According to reports, all major banks will have access to Wiise, but customers of CBA will have added functionality like invoice and payment services. The companies also plan to add working capital financing options into the platform at a later time.

Though Wiise will compete with Xero and MYOB, its creators are reportedly noting that the company will target a market gap for businesses that operate in more than one location with complex supply chains.

Microsoft’s Australian Managing Director Steven Worrall said, according to reports, “Ultimately, this is about choice and we think this is very unique and because KPMH and CBA bring capabilities that differentiates this from what MYOB or Xero, or the other cloud accounting companies, might be doing. We will let the market decide. There is plenty of opportunity in the small-to-medium business market [and] we would not see this as limiting our partnerships and integration with other providers in the market.”

Earlier this year, Xero Founder and CEO Rod Drury announced he would be stepping down and Microsoft Australia CEO Steve Vamos was named as his replacement.

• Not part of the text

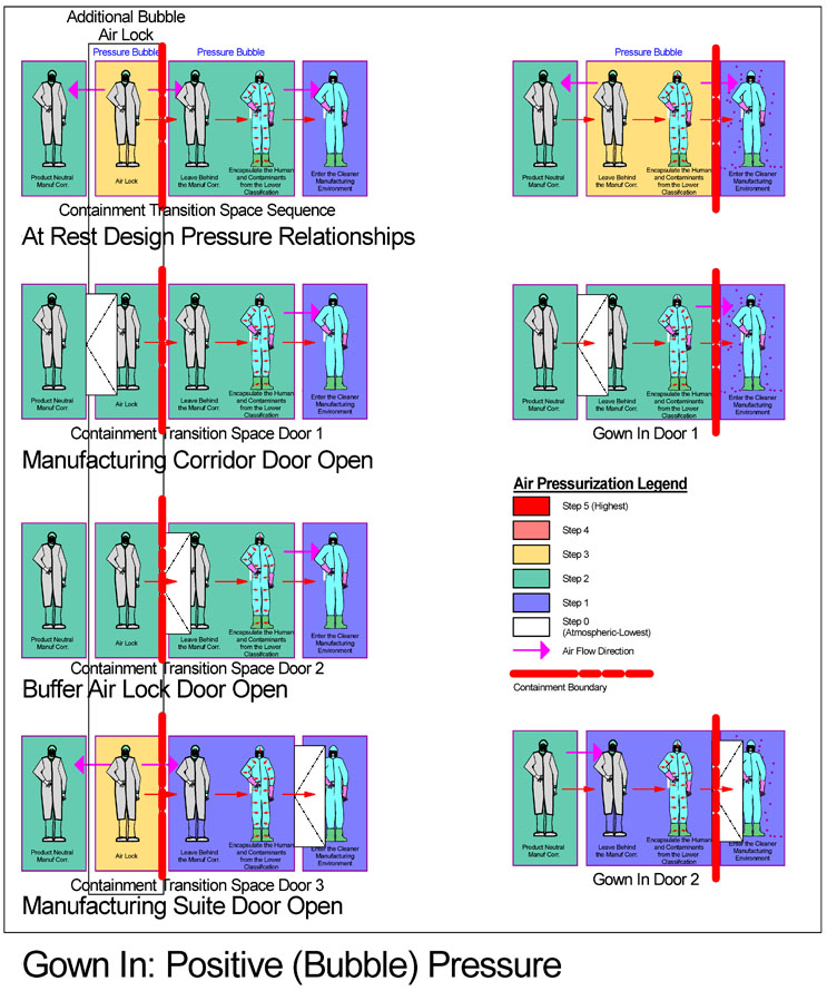 Where concern for containment is elevated due to the nature of manufacturing within the suite, an additional overlayer air lock at the higher air classification of the manufacturing suite may be incorporated. This additional air lock is used to add a buffer layer of controlled pressure, typically a positive, or “bubble,” offering the neutral manufacturing corridor an added layer of protection from the cyclically contaminated gown room or material air lock, while simultaneously maintaining continuous protection to the higher cleanliness of the manufacturing suite. The diagrams below illustrate comparison between the conventional single layer of transition space and the parallel arrangement that incorporates an added buffer air lock. Note in each case the relative location of the containment boundary. Additionally, the air flow comparison indicates that the added buffer air lock results in continuous higher classification air pushed into the manufacturing suite, whereas without it, lower classification manufacturing corridor air is introduced. The buffer air lock allows optimization of both cleanliness and containment criteria simultaneously.

According to Adam Bennett, CBA group executive for business and private banking, the solution will benefit the bank by enhancing existing customer data with “up-to-date, real-time, cloud-based information, around their PNL and balance sheet, inventory and stock turns, and combine that together in a way that will allow us to provide solutions to customers in a far more frictionless and rapid way, particularly where there is a credit decision or underwriting decision applied.”